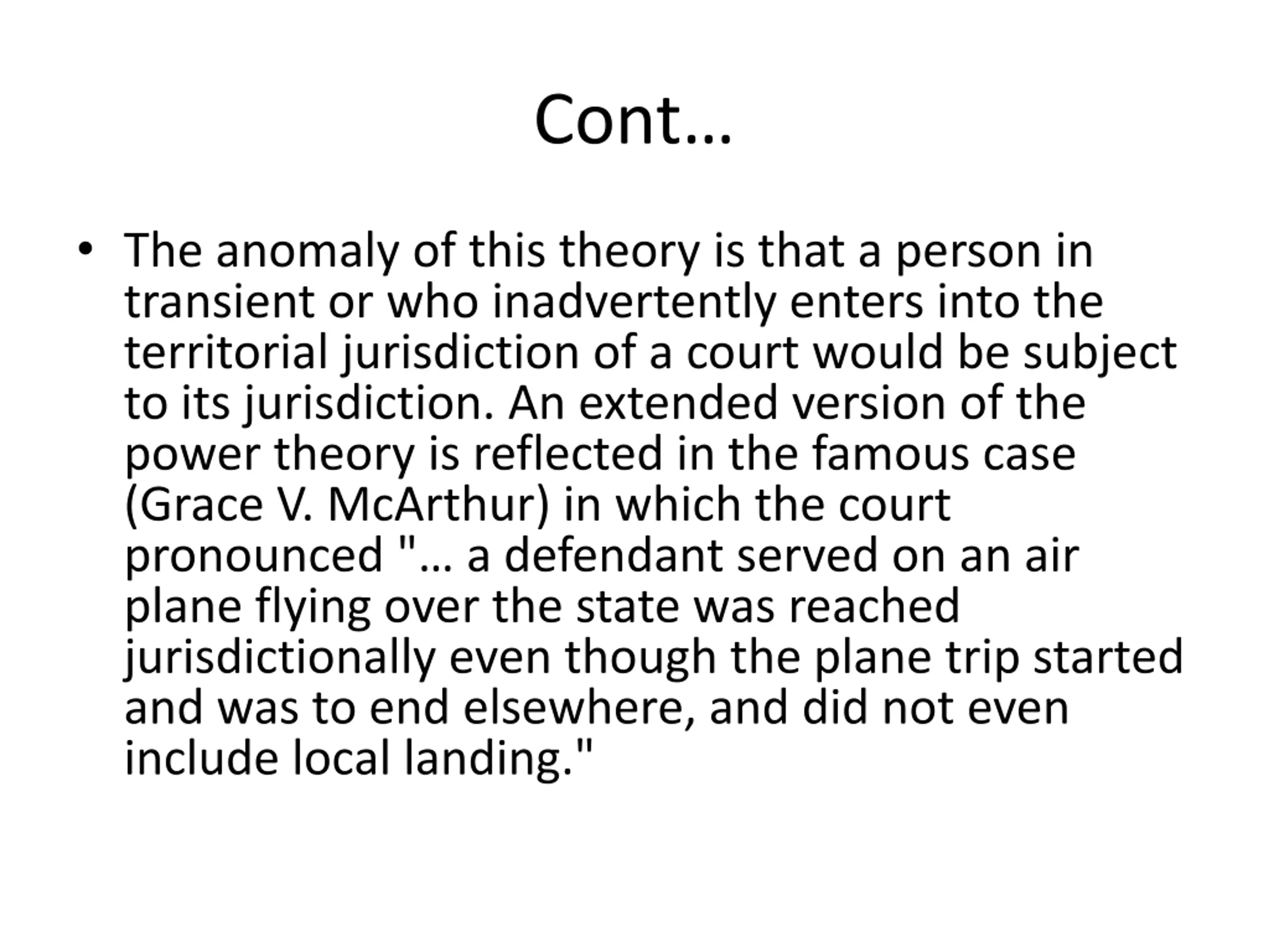 Cont The anomaly of this theory is that a person in transient or who inadvertently enters into the territorial jurisdiction of a court would be subject to its jurisdiction. An extended version of the power theory is reflected in the famous case (Grace V. McArthur) in which the court pronounced " a defendant served on an air plane flying over the state was reached jurisdictionally even though the plane trip started and was to end elsewhere, and did not even include local landing."
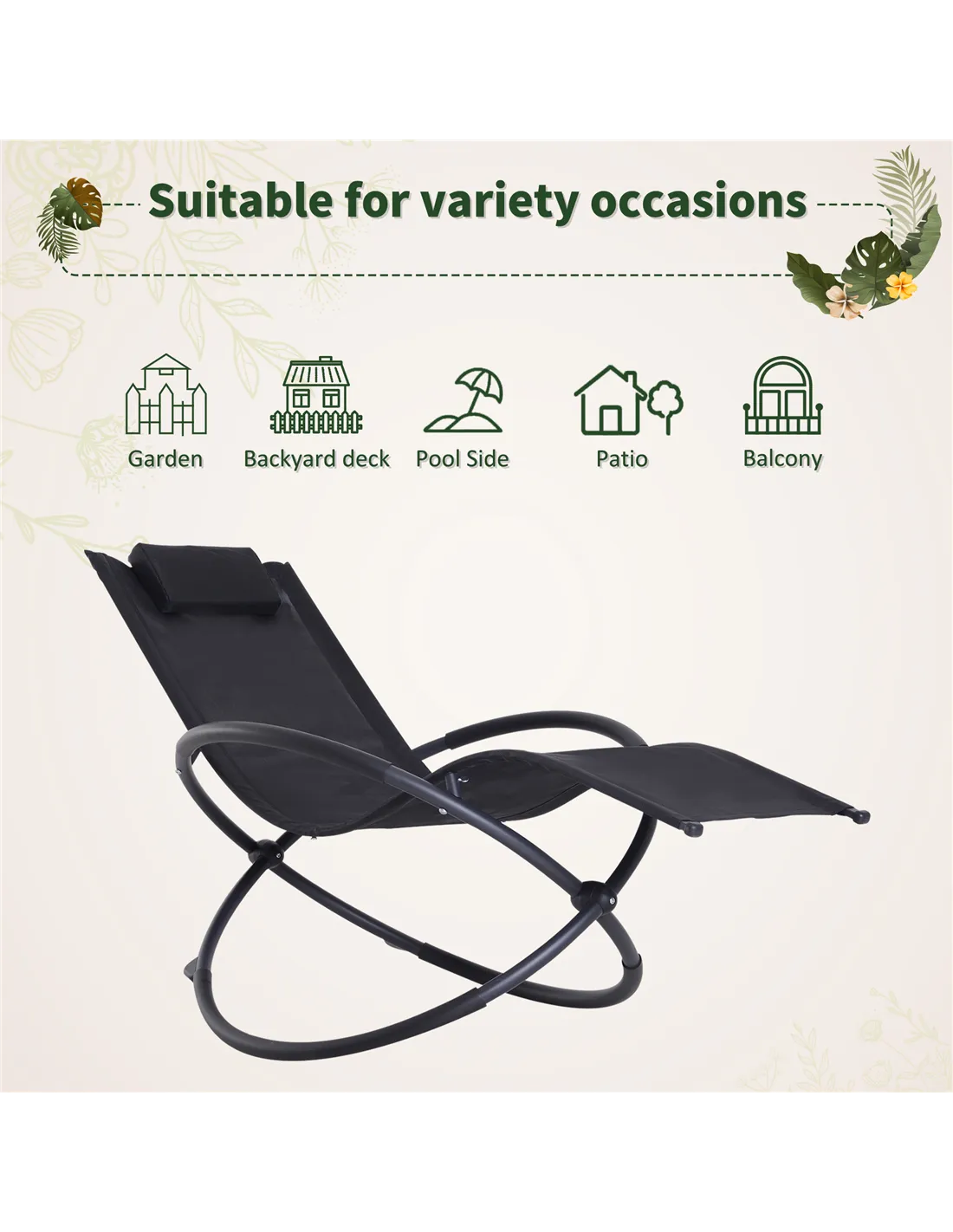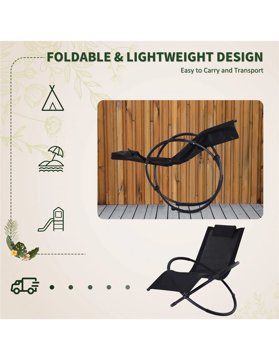 The Outsunny Outdoor Orbital Lounger offers versatile comfort for various outdoor settings. Ideal for your garden, patio, or balcony, it provides a relaxing spot to enjoy sunny afternoons or cool evenings. Thanks to its foldable design, it’s easy to transport, making it perfect for trips to the park, beach, or camping. The zero-gravity orbital shape evenly distributes your weight, reducing pressure points and enhancing relaxation whether you’re reading, sunbathing, or simply unwinding. The breathable, water and UV-resistant fabric ensures durability and comfort in all weather conditions, while the included head pillow adds extra support for extended lounging sessions.
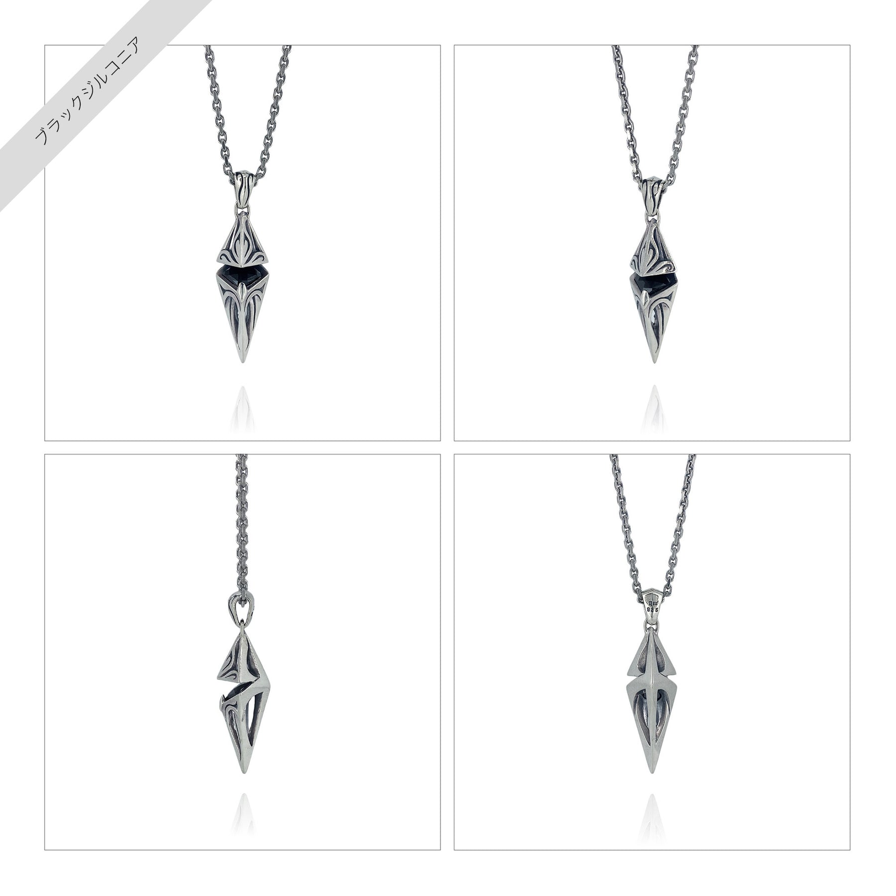 尖鋭的なシルエットに、艶やかなカットストーンを“ひと筋の光”としてあしらったスピアーモチーフネックレス。

● ● ●

### What you need to do
Each line above should be written out again unchanged; no images are to be carried over.

### Answer section
 Cont The anomaly of this theory is that a person in transient or who inadvertently enters into the territorial jurisdiction of a court would be subject to its jurisdiction. An extended version of the power theory is reflected in the famous case (Grace V. McArthur) in which the court pronounced " a defendant served on an air plane flying over the state was reached jurisdictionally even though the plane trip started and was to end elsewhere, and did not even include local landing."
 The Outsunny Outdoor Orbital Lounger offers versatile comfort for various outdoor settings. Ideal for your garden, patio, or balcony, it provides a relaxing spot to enjoy sunny afternoons or cool evenings. Thanks to its foldable design, it’s easy to transport, making it perfect for trips to the park, beach, or camping. The zero-gravity orbital shape evenly distributes your weight, reducing pressure points and enhancing relaxation whether you’re reading, sunbathing, or simply unwinding. The breathable, water and UV-resistant fabric ensures durability and comfort in all weather conditions, while the included head pillow adds extra support for extended lounging sessions.
 尖鋭的なシルエットに、艶やかなカットストーンを“ひと筋の光”としてあしらったスピアーモチーフネックレス。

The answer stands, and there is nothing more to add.